## What you have to do:
Text in the records must be reproduced exactly, and pictures must be skipped.

━━━━━━━━━━━━━━━━━━━━━━━━━━━━━━

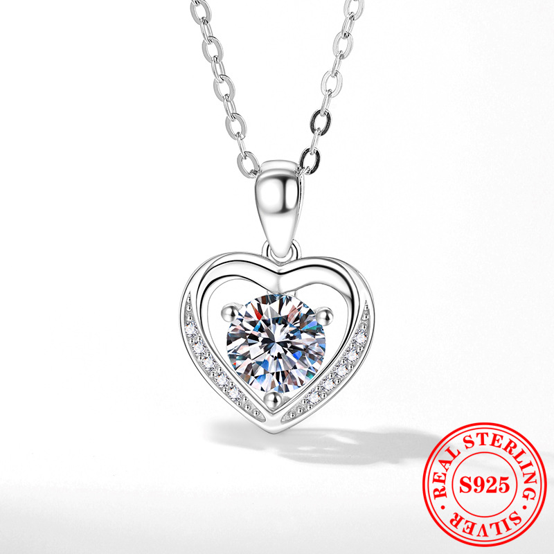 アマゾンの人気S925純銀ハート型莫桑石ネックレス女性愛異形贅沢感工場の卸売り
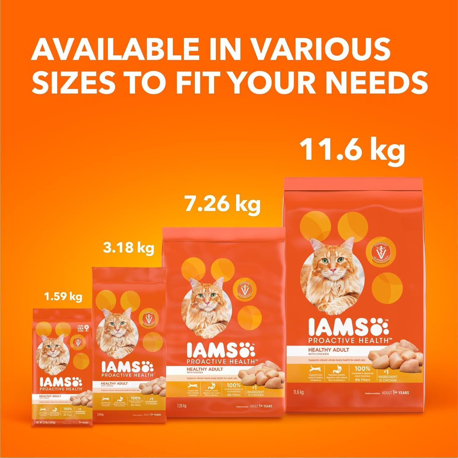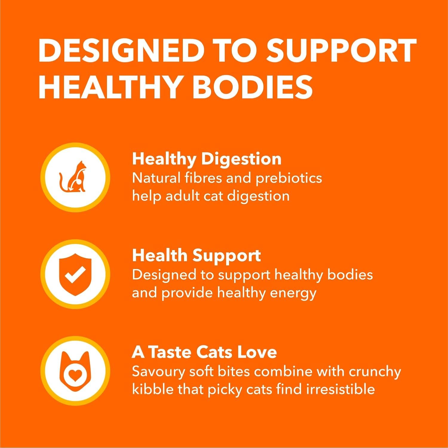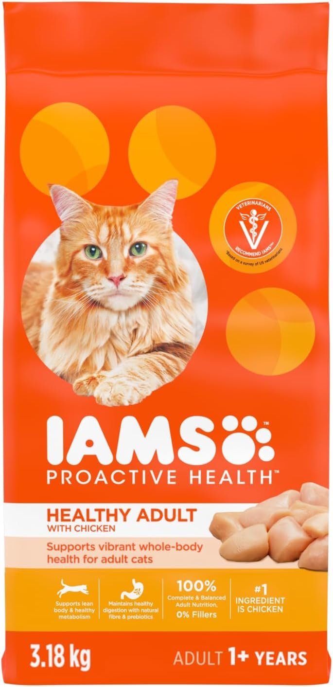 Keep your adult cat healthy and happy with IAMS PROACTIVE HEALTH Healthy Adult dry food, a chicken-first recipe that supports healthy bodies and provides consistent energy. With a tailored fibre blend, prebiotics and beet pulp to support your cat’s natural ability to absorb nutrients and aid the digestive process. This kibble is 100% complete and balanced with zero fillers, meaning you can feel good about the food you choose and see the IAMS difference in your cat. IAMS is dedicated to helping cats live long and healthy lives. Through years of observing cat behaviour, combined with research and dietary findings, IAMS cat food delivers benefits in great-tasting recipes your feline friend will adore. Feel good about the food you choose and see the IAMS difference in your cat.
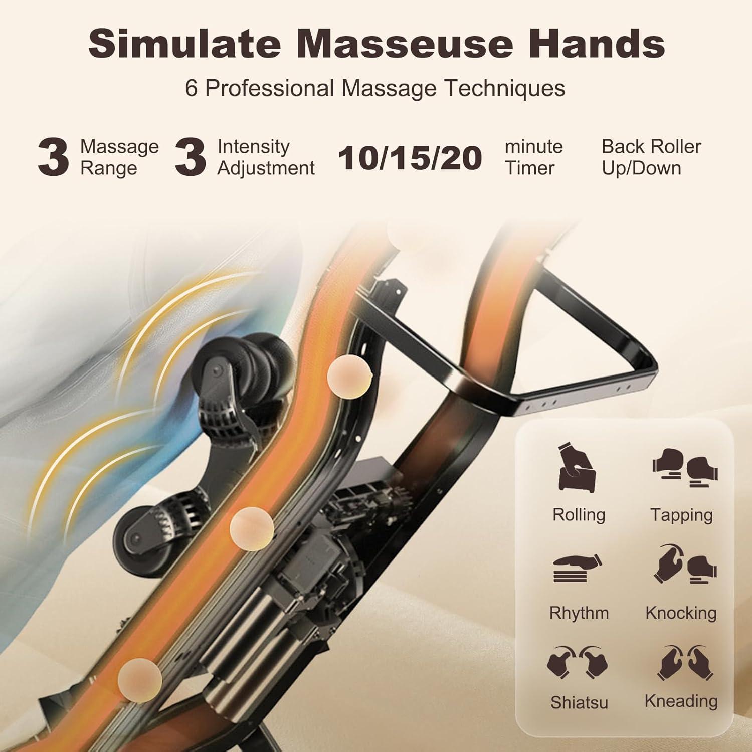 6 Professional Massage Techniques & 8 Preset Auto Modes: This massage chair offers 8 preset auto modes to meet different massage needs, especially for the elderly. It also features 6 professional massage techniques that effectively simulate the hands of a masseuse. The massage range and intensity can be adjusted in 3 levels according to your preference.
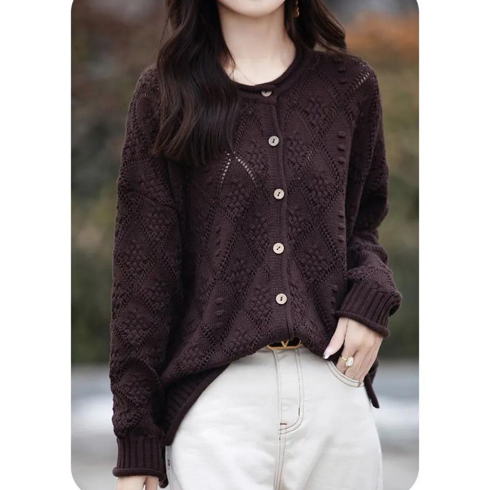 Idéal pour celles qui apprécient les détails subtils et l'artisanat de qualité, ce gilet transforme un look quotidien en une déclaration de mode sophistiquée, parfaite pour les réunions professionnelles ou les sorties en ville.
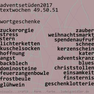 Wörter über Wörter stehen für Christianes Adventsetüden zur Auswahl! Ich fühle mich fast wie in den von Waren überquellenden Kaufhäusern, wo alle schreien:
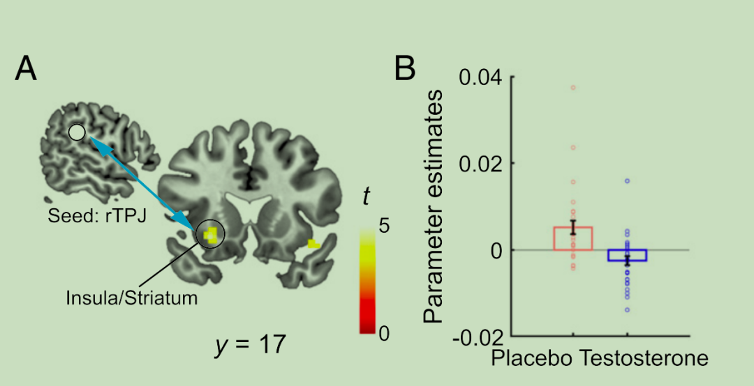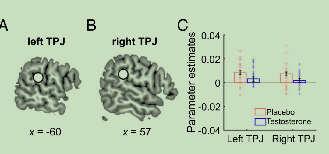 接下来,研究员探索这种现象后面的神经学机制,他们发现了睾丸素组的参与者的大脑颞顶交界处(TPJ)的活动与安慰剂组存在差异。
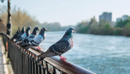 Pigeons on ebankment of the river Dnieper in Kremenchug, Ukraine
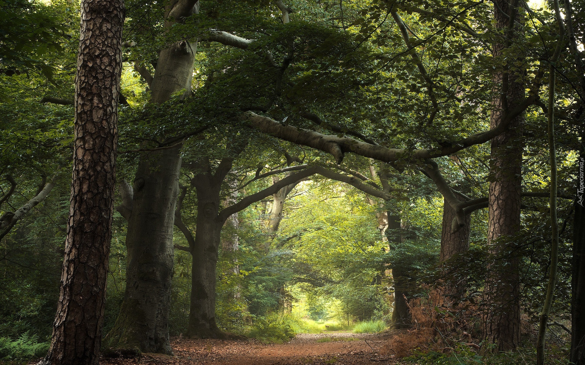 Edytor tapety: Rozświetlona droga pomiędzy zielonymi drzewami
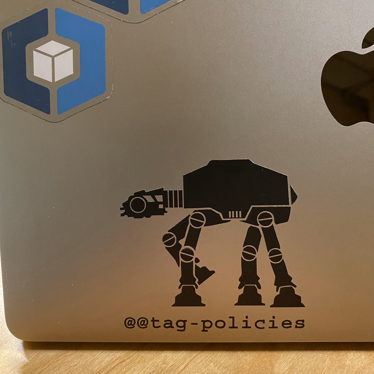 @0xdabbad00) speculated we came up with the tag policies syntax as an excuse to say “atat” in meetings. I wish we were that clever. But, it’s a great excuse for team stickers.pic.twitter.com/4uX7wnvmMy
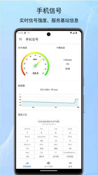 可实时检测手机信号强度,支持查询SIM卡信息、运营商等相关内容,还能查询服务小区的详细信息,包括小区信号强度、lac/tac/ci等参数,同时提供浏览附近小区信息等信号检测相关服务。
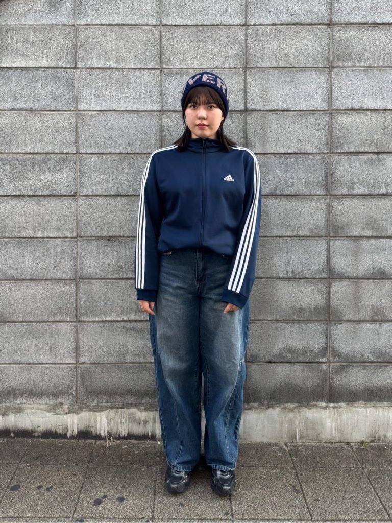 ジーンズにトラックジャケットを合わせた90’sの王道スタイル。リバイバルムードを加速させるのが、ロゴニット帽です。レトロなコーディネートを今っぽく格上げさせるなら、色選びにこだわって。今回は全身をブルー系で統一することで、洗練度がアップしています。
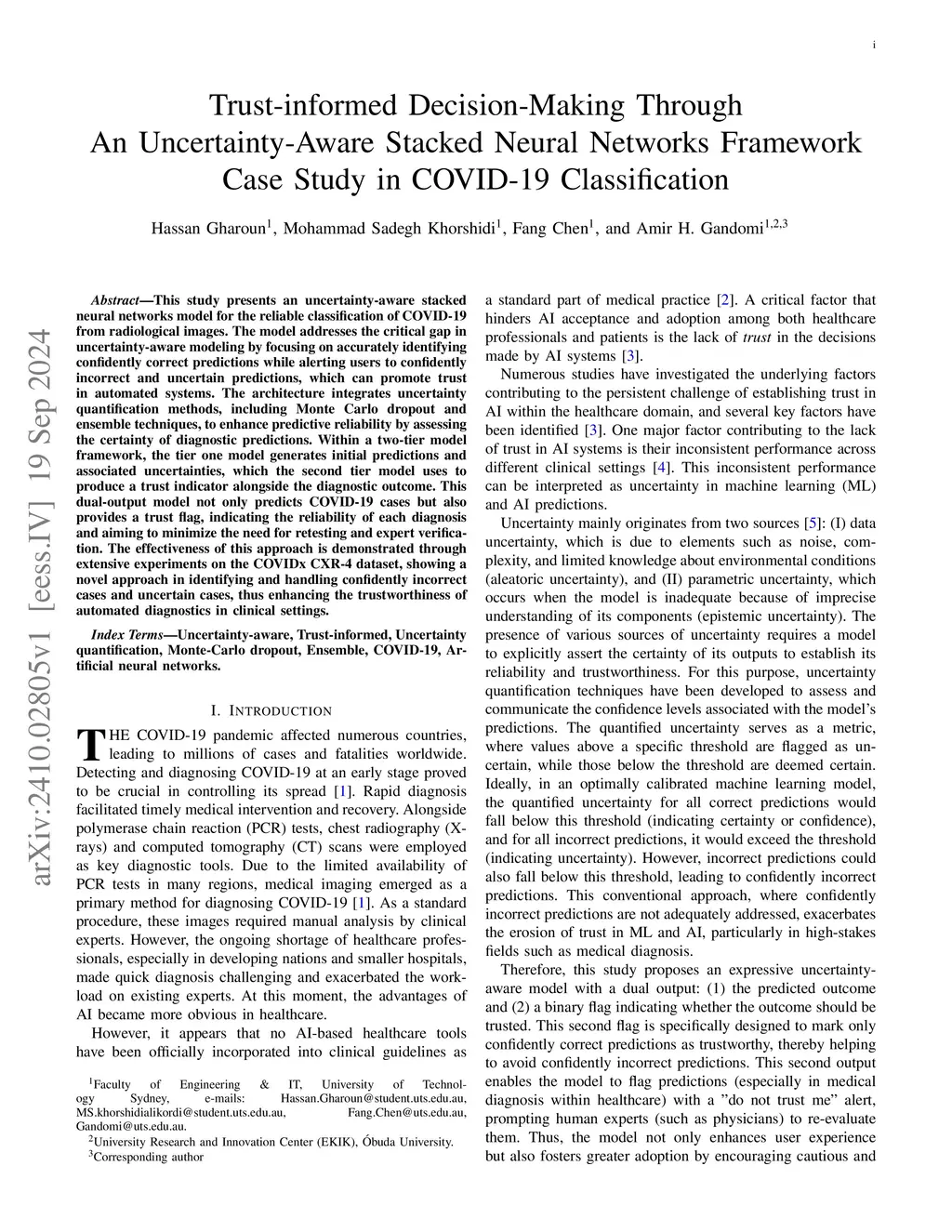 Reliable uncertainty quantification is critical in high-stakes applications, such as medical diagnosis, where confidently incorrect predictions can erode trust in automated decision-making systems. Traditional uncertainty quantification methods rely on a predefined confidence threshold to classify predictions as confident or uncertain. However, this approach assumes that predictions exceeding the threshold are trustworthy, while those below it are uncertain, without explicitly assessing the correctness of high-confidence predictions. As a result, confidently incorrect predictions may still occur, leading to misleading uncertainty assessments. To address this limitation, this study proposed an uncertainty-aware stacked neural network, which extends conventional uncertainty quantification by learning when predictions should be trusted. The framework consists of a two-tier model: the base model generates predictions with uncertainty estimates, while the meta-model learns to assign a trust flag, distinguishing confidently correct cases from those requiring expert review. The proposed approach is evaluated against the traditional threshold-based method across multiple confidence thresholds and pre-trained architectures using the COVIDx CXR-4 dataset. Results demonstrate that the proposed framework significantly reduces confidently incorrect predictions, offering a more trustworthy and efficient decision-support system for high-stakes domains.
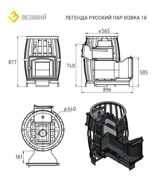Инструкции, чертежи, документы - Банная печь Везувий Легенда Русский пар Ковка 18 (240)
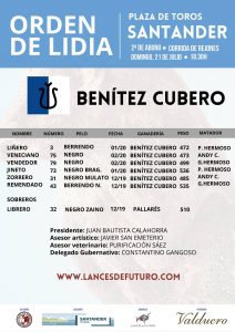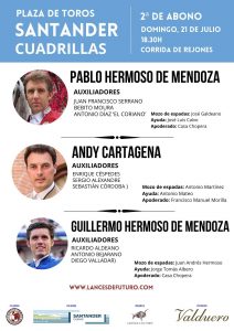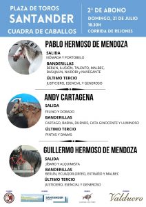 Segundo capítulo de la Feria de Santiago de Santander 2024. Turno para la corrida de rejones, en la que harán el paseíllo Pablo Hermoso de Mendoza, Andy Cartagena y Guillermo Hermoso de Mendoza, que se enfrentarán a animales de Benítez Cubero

━━━━━━━━━━━━━━━━━━━━━━━━━━━━━━

## Solution:
 アマゾンの人気S925純銀ハート型莫桑石ネックレス女性愛異形贅沢感工場の卸売り
 Keep your adult cat healthy and happy with IAMS PROACTIVE HEALTH Healthy Adult dry food, a chicken-first recipe that supports healthy bodies and provides consistent energy. With a tailored fibre blend, prebiotics and beet pulp to support your cat’s natural ability to absorb nutrients and aid the digestive process. This kibble is 100% complete and balanced with zero fillers, meaning you can feel good about the food you choose and see the IAMS difference in your cat. IAMS is dedicated to helping cats live long and healthy lives. Through years of observing cat behaviour, combined with research and dietary findings, IAMS cat food delivers benefits in great-tasting recipes your feline friend will adore. Feel good about the food you choose and see the IAMS difference in your cat.
 6 Professional Massage Techniques & 8 Preset Auto Modes: This massage chair offers 8 preset auto modes to meet different massage needs, especially for the elderly. It also features 6 professional massage techniques that effectively simulate the hands of a masseuse. The massage range and intensity can be adjusted in 3 levels according to your preference.
 Idéal pour celles qui apprécient les détails subtils et l'artisanat de qualité, ce gilet transforme un look quotidien en une déclaration de mode sophistiquée, parfaite pour les réunions professionnelles ou les sorties en ville.
 Wörter über Wörter stehen für Christianes Adventsetüden zur Auswahl! Ich fühle mich fast wie in den von Waren überquellenden Kaufhäusern, wo alle schreien:
 接下来,研究员探索这种现象后面的神经学机制,他们发现了睾丸素组的参与者的大脑颞顶交界处(TPJ)的活动与安慰剂组存在差异。
 Pigeons on ebankment of the river Dnieper in Kremenchug, Ukraine
 Edytor tapety: Rozświetlona droga pomiędzy zielonymi drzewami
 @0xdabbad00) speculated we came up with the tag policies syntax as an excuse to say “atat” in meetings. I wish we were that clever. But, it’s a great excuse for team stickers.pic.twitter.com/4uX7wnvmMy
 可实时检测手机信号强度,支持查询SIM卡信息、运营商等相关内容,还能查询服务小区的详细信息,包括小区信号强度、lac/tac/ci等参数,同时提供浏览附近小区信息等信号检测相关服务。
 ジーンズにトラックジャケットを合わせた90’sの王道スタイル。リバイバルムードを加速させるのが、ロゴニット帽です。レトロなコーディネートを今っぽく格上げさせるなら、色選びにこだわって。今回は全身をブルー系で統一することで、洗練度がアップしています。
 Reliable uncertainty quantification is critical in high-stakes applications, such as medical diagnosis, where confidently incorrect predictions can erode trust in automated decision-making systems. Traditional uncertainty quantification methods rely on a predefined confidence threshold to classify predictions as confident or uncertain. However, this approach assumes that predictions exceeding the threshold are trustworthy, while those below it are uncertain, without explicitly assessing the correctness of high-confidence predictions. As a result, confidently incorrect predictions may still occur, leading to misleading uncertainty assessments. To address this limitation, this study proposed an uncertainty-aware stacked neural network, which extends conventional uncertainty quantification by learning when predictions should be trusted. The framework consists of a two-tier model: the base model generates predictions with uncertainty estimates, while the meta-model learns to assign a trust flag, distinguishing confidently correct cases from those requiring expert review. The proposed approach is evaluated against the traditional threshold-based method across multiple confidence thresholds and pre-trained architectures using the COVIDx CXR-4 dataset. Results demonstrate that the proposed framework significantly reduces confidently incorrect predictions, offering a more trustworthy and efficient decision-support system for high-stakes domains.
Инструкции, чертежи, документы - Банная печь Везувий Легенда Русский пар Ковка 18 (240)
 Segundo capítulo de la Feria de Santiago de Santander 2024. Turno para la corrida de rejones, en la que harán el paseíllo Pablo Hermoso de Mendoza, Andy Cartagena y Guillermo Hermoso de Mendoza, que se enfrentarán a animales de Benítez Cubero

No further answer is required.